Exercise material:
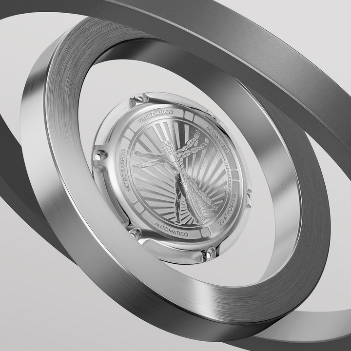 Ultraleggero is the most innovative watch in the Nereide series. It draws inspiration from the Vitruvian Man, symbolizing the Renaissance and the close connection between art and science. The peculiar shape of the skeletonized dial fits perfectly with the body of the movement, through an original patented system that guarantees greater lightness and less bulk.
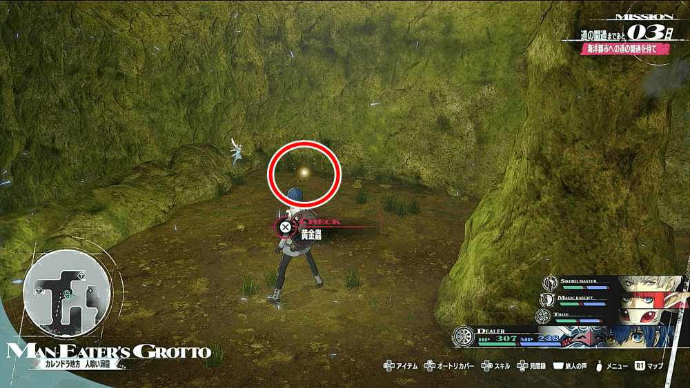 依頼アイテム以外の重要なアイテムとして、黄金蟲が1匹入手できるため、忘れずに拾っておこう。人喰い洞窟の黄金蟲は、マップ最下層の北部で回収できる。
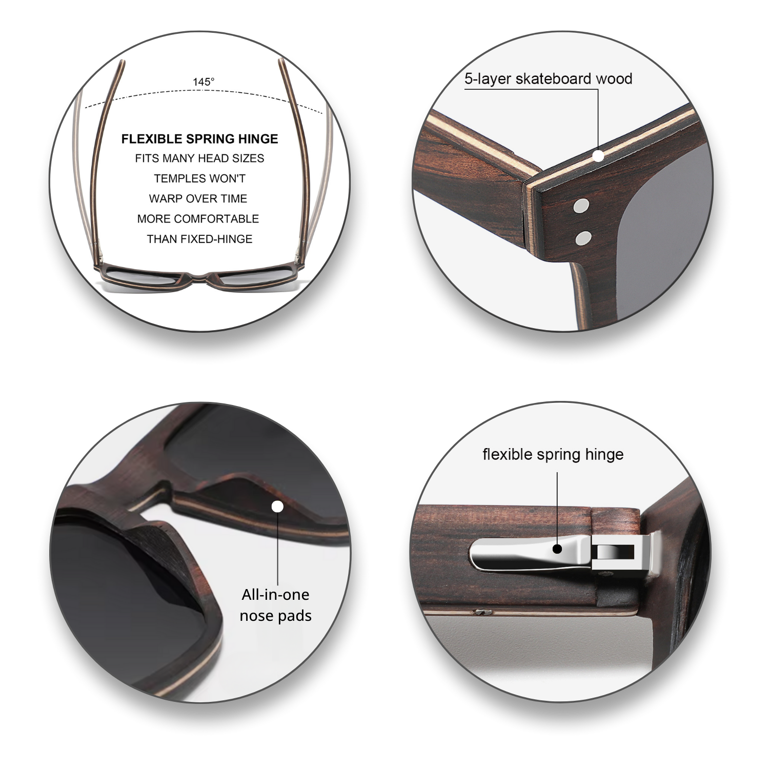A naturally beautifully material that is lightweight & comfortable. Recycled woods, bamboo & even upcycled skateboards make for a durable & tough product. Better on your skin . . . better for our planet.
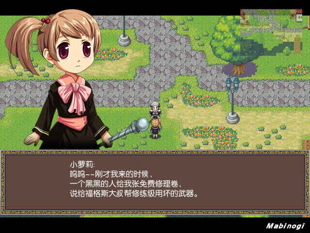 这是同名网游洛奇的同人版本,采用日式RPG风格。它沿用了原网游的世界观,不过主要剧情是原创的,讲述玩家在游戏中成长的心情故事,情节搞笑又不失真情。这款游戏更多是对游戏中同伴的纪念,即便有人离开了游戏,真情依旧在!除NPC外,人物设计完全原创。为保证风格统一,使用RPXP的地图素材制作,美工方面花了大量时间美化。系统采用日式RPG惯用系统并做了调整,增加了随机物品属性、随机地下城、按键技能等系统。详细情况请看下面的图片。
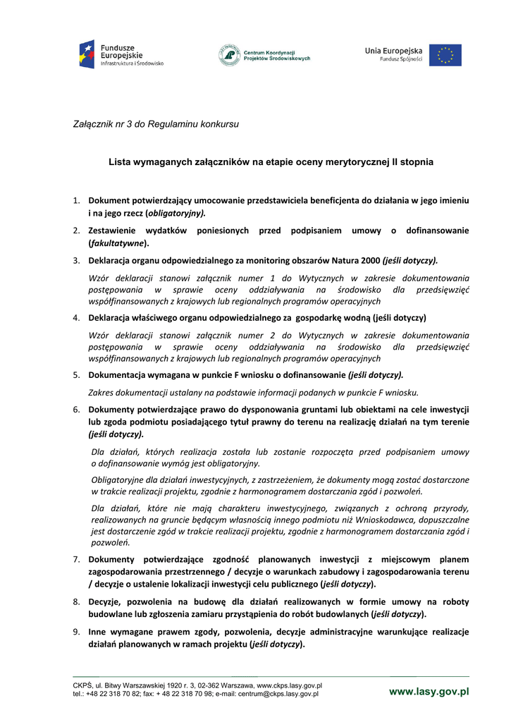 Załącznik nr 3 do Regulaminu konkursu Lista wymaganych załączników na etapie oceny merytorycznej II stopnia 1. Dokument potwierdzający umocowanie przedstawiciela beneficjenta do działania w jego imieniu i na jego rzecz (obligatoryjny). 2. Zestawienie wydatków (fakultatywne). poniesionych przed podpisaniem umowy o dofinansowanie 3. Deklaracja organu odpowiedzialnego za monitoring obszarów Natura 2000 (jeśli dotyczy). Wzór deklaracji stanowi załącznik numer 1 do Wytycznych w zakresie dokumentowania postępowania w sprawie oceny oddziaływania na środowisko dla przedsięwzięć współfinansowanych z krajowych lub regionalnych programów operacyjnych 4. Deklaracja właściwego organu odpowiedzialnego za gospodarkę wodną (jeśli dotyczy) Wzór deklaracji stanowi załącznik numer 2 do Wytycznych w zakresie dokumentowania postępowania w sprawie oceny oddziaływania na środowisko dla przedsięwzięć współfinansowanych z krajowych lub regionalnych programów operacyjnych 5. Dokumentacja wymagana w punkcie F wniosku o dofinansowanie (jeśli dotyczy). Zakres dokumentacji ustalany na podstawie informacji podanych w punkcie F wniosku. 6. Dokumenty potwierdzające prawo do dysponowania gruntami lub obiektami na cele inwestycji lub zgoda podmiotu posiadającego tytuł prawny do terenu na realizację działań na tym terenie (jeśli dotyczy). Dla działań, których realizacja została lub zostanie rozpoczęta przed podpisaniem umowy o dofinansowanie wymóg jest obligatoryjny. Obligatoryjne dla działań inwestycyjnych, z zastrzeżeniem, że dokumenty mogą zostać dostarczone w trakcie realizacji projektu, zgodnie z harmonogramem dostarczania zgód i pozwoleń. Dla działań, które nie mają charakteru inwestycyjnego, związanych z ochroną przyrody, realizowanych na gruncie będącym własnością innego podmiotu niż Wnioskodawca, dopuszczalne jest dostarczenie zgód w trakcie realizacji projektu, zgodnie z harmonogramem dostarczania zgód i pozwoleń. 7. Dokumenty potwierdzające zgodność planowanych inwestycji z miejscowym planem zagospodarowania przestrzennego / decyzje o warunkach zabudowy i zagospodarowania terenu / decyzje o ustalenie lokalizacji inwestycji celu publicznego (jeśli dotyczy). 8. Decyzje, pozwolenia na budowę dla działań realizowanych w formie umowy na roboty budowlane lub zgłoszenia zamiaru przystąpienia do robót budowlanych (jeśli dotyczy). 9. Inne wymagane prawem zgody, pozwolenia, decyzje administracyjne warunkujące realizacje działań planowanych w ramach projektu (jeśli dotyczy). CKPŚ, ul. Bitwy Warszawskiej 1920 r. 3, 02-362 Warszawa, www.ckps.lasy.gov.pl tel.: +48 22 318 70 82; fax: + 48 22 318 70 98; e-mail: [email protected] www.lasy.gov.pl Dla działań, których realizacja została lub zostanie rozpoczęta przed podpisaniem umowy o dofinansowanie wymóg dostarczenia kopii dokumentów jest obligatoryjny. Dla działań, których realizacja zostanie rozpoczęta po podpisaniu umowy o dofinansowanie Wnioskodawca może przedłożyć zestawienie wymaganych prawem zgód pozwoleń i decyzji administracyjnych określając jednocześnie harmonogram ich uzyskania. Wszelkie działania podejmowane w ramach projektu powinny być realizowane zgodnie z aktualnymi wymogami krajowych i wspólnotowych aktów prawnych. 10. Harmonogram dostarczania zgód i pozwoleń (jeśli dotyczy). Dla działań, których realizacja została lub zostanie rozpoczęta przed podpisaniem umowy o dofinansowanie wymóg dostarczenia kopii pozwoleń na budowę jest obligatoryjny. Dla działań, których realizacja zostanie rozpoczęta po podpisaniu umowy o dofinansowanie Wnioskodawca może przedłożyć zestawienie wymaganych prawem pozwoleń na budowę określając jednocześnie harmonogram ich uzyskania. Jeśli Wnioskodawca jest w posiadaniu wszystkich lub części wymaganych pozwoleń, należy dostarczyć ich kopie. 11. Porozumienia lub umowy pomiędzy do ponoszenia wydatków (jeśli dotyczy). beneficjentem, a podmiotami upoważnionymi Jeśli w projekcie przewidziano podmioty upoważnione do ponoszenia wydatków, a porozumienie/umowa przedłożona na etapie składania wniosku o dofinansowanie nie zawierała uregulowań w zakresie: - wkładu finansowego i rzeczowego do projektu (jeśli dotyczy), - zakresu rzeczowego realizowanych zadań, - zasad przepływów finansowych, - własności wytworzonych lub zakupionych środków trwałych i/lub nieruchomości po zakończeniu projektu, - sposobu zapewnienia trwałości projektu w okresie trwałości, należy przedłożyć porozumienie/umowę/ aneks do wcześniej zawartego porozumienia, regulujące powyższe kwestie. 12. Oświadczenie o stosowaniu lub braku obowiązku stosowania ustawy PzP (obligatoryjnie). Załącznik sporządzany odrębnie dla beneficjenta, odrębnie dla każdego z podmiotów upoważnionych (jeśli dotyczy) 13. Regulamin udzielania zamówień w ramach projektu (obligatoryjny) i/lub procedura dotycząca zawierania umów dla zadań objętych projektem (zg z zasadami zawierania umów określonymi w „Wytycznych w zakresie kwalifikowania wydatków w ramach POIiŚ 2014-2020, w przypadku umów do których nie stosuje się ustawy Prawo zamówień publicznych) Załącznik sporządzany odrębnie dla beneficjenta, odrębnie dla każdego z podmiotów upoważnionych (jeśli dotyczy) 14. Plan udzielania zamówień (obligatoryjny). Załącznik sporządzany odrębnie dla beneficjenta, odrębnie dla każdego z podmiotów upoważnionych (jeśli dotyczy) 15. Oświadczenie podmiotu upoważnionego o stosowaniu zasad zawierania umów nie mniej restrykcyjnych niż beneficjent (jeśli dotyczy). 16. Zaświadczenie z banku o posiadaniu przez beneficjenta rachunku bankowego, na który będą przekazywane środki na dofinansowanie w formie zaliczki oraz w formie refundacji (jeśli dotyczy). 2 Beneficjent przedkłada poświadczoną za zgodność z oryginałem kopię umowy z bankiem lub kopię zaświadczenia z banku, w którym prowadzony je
...
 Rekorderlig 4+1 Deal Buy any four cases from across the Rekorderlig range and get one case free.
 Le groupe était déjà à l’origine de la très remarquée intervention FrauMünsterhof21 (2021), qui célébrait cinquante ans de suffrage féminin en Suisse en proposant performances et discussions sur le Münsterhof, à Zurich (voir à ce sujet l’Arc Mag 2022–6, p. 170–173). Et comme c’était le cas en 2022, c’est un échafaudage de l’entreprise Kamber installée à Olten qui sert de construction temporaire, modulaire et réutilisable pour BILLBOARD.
* * *
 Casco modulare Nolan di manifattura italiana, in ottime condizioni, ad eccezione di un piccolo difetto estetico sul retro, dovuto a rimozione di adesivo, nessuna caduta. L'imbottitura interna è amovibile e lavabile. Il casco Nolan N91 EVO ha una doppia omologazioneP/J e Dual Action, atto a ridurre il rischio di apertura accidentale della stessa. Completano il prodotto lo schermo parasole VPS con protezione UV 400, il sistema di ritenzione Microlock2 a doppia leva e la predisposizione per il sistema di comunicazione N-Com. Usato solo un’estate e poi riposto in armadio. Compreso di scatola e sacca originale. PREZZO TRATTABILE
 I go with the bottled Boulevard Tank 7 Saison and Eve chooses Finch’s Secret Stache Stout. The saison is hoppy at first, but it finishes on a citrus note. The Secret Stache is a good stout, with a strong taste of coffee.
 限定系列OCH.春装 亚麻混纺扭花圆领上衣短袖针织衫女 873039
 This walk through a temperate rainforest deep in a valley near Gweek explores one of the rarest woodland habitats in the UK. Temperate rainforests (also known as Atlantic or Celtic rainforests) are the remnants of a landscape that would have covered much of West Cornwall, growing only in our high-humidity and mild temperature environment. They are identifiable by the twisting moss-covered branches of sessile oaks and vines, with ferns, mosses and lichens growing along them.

What needs to be done: Only one part of the listing is wanted: the lines from the one containing "Ultraleggero is the" through the one containing "A naturally beautifully", both included. Please transcribe it exactly, leaving out the pictures.

Result of the exercise:
 Ultraleggero is the most innovative watch in the Nereide series. It draws inspiration from the Vitruvian Man, symbolizing the Renaissance and the close connection between art and science. The peculiar shape of the skeletonized dial fits perfectly with the body of the movement, through an original patented system that guarantees greater lightness and less bulk.
 依頼アイテム以外の重要なアイテムとして、黄金蟲が1匹入手できるため、忘れずに拾っておこう。人喰い洞窟の黄金蟲は、マップ最下層の北部で回収できる。
A naturally beautifully material that is lightweight & comfortable. Recycled woods, bamboo & even upcycled skateboards make for a durable & tough product. Better on your skin . . . better for our planet.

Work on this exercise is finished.